Product Hunt–style comments (not star reviews)
  • No comments yet — start the thread.
general reviews

Ratings

4.661 reviews
  • Benjamin Thompson· Dec 28, 2024

    Solid pick for teams standardizing on skills: code-visualizer is focused, and the summary matches what you get after install.

  • Benjamin Robinson· Dec 24, 2024

    code-visualizer is among the better-maintained entries we tried; worth keeping pinned for repeat workflows.

  • Anika Agarwal· Dec 12, 2024

    Useful defaults in code-visualizer — fewer surprises than typical one-off scripts, and it plays nicely with `npx skills` flows.

  • Benjamin Desai· Dec 12, 2024

    We added code-visualizer from the explainx registry; install was straightforward and the SKILL.md answered most questions upfront.

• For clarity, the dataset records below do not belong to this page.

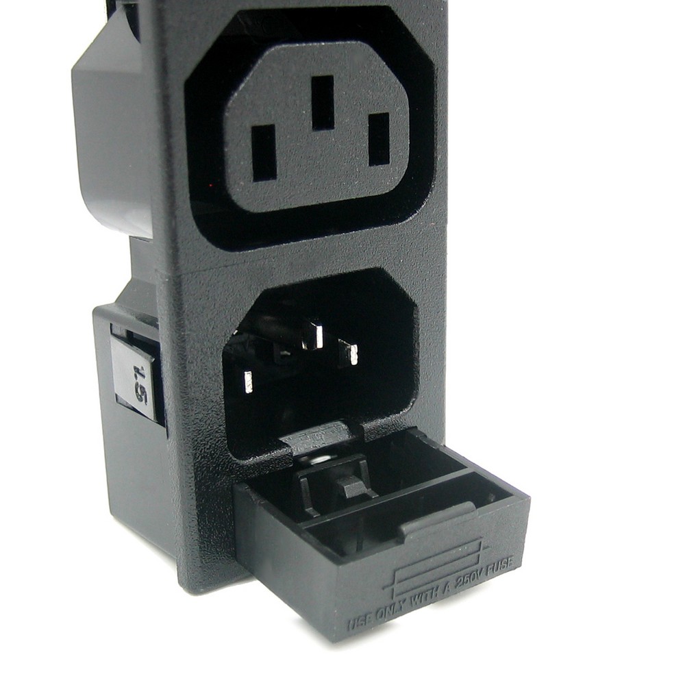 Разъем IEC 320 C13+C14. 220В. вилка/розетка, на блок, 3 контакта, крепление защелка. Количество секций вилка: 1 Количество секций розетка: 4. С отсеком для предохранителя
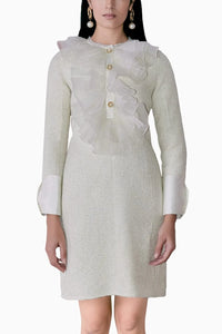 Featuring Tweed dress with open satin cuffs and organza ruffles with gold buttons
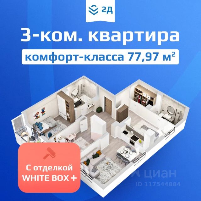Внимание! Открылись продажи квартир с потолками 3,3 м на 10 этаже. Сдача дома в 2026 г. Ипотека от 6%, трейд-ин, рассрочка, отсрочка платежа с первым взносом 0 р. Подробности в отделе продаж. Стоимость квартиры указана по акции "Новогодняя выгода до 1,2 млн руб.". Действует при покупке квартиры в ипотеку или при 100% оплате. Подробности в отделе продаж. В квартире будет выполнена качественная предчистовая отделка white box +. 3-комнатная квартира евроформата в жилом комплексе "2Д Федосеенко" (77,97 кв.м.). Просторная кухня-гостиная (20,6 кв.м.) с двумя окнами: благодаря этому в помещении будет много дневного света, и визуально оно будет казаться больше. Для родителей предусмотрена мастер-спальня: по функционалу это "квартира в квартире". Отдельный гардероб и санузел позволят собраться с утра на работу не выходя из комнаты. Все комнаты правильной формы. Удобно расставлять мебель, каждый квадратный метр задействован и работает с пользой. Семейный жилой комплекс 2Д Федосеенко представляет собой 10-этажный трехподъездный дом комфорт-класса с подземным паркингом. На первом этаже откроются кафе, магазины и другие объекты необходимой инфраструктуры. В приватном и безопасном дворе без машин будут расположены детские площадки, спортивная зона, уединенное пространство для отдыха взрослых. Разноуровневое освещение и комплексное озеленение подарит ощущение уюта и спокойствия. - Современная архитектура дома от проектной компании ГОРПРО; - Европланировки с мастер-спальнями, отдельными гардеробными, увеличенной площадью остекления; - Выводы радиаторов отопления из стены (удобно мыть пол, нет стояков около окон); - Дизайнерская отделка подъездов; - Высокие потолки: со 2 по 8 этаж - 2,7 м (от чистового пола до перекрытия потолка), на 9 и 10 этаже - 3,3 м (от чистового пола до перекрытия потолка); - Корзины для кондиционеров, чтобы сохранить статусный вид фасада; - Закрытая территория внутреннего двора "без машин" с системой контроля доступа и видеонаблюдением; - Детские площадки для разных возрастов; Поблизости есть все, что необходимо для комфортной жизни: школы 81, 93, детские сады 98, 211, остановка общественного транспорта "Достоевского", Сормовский парк, магазины продуктов, аптеки, пункты выдачи заказов крупнейших маркетплейсов. 3D-модель в изображениях представлена исключительно в ознакомительных целях. Изображённые отделка, мебель, техника, предметы интерьера, декора и иные элементы оформления квартиры являются иллюстрацией возможного интерьера и не входят в состав приобретаемой квартиры. Подробности в отделе продаж.
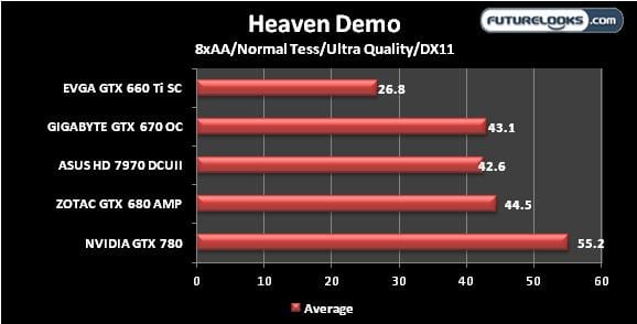 Based on the previous benchmarks, these results aren’t a surprise. The GTX 780 runs very, very smooth throughout the benchmark. Even with Extreme Tessellation, the GTX 780 managed 48 frames while the rest of the pack lost more than 15 frames each with the option enabled.
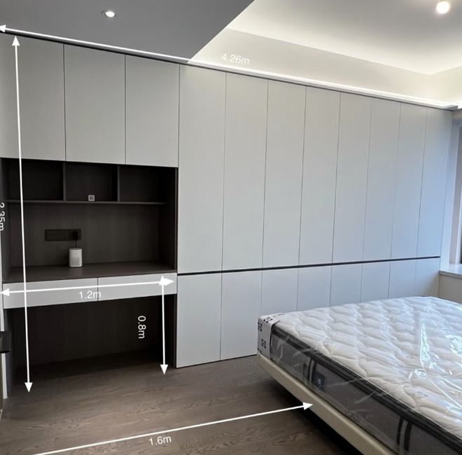 这长4米26、开间3米06的卧室,说起来也只有13㎡,但在做完这衣柜后,却有充足的睡眠、收纳、活动和工作空间,话不多说,这就一起来看看吧~
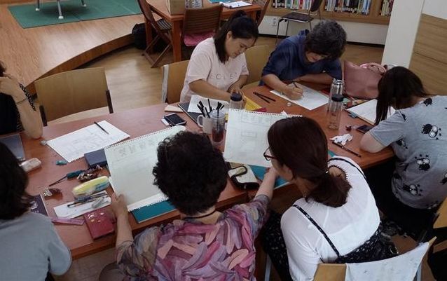 사람들이 긴 테이블 위에 오밀조밀 앉아 휴대폰 화면에 있는 그림을 도화지에 옮겨 그린다. 휴대폰 화면에는 정겨운 마을시장 풍경이 담겨 있다. 30대부터 60대 어르신까지 세대도 다양하게 섞여있다. 그렇게 그림을 한참 그리다 서로 눈이 마주치면 수다 삼매경에 빠진다. 일상에서 겪었던 이야기부터, 지금 그리고 있는 그림에 대한 이야기, 어떤 예술가에 대한 평가까지 수다의 주제는 다채롭다. 무슨 활동인지 물으니 지난 시간 동네 시장을 돌아다니며 자기 마음에 남았던 사진을 골라 본인이 바라본 시선으로 그려나가는 과정이라고 설명했다.
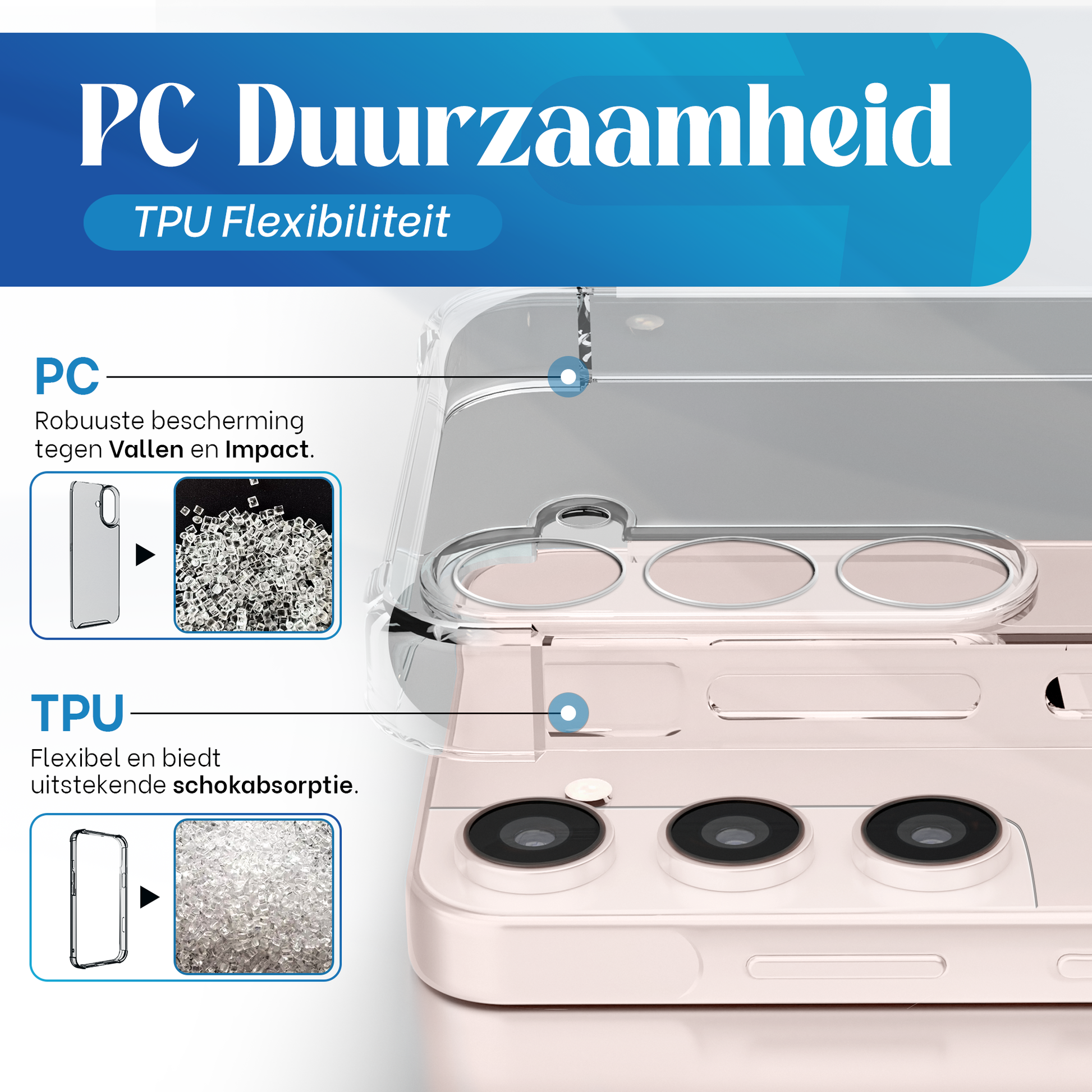 - Materiaal: Duurzaam TPU + PC met versterkte hoeken
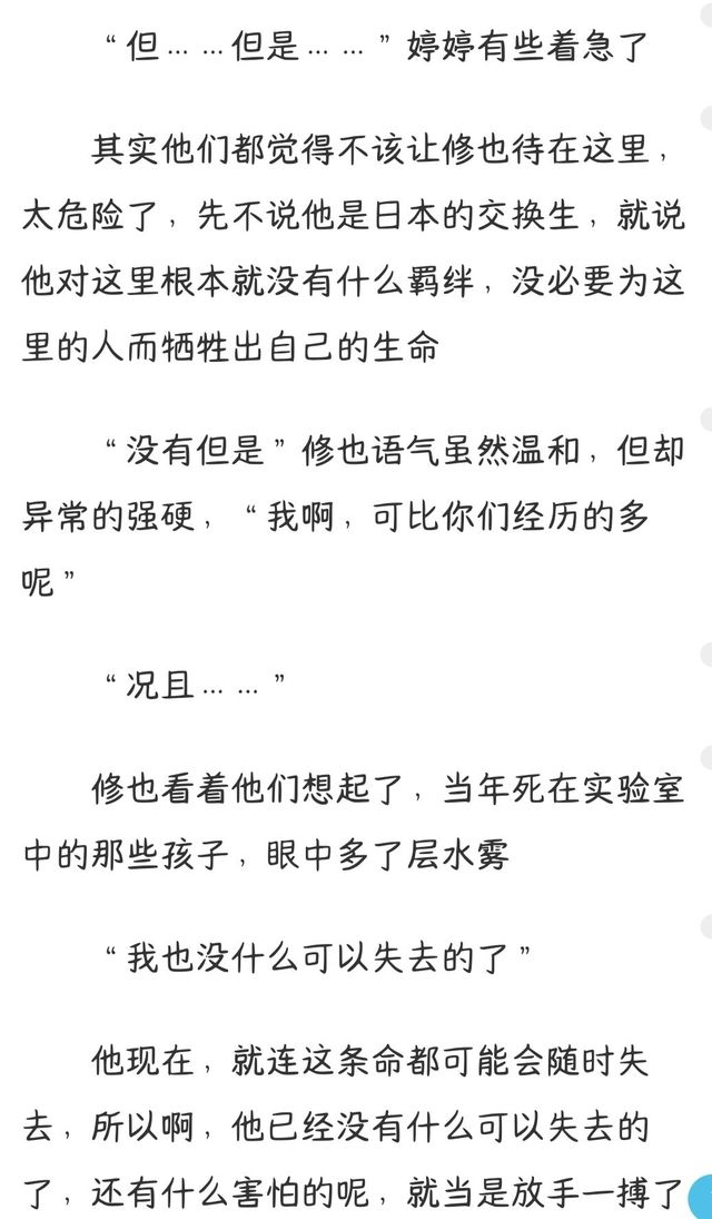 修也沉默了,他的周围似乎环绕着淡淡的悲伤,“……那是一段不可言说的过去。”
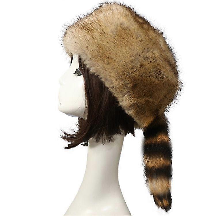 Winter Hat Faux Fur Raccoon Tail Russian Round Flat Top Ear Protection Thickened Autumn Winter Thermal Women Cap Compatible With Camping, One Size
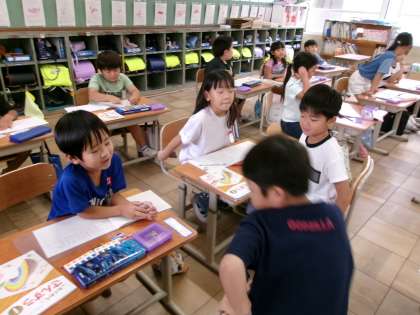 3つの数をたす計算に挑戦していました。初めて出合う問題に戸惑いながらも、みんなでがんばって解決していました。
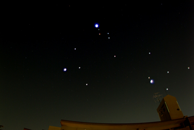 いちばん明るい星を3つ探して金色のシールをはり付けましょう。

  • Benjamin Sharma· Dec 8, 2024

    code-visualizer is among the better-maintained entries we tried; worth keeping pinned for repeat workflows.

  • Henry Khan· Nov 23, 2024

    code-visualizer fits our agent workflows well — practical, well scoped, and easy to wire into existing repos.

  • Soo Srinivasan· Nov 19, 2024

    I recommend code-visualizer for anyone iterating fast on agent tooling; clear intent and a small, reviewable surface area.

  • Harper Rao· Nov 15, 2024

    code-visualizer reduced setup friction for our internal harness; good balance of opinion and flexibility.

  • Henry Park· Nov 3, 2024

    code-visualizer has been reliable in day-to-day use. Documentation quality is above average for community skills.

  • Benjamin Garcia· Oct 22, 2024

    Solid pick for teams standardizing on skills: code-visualizer is focused, and the summary matches what you get after install.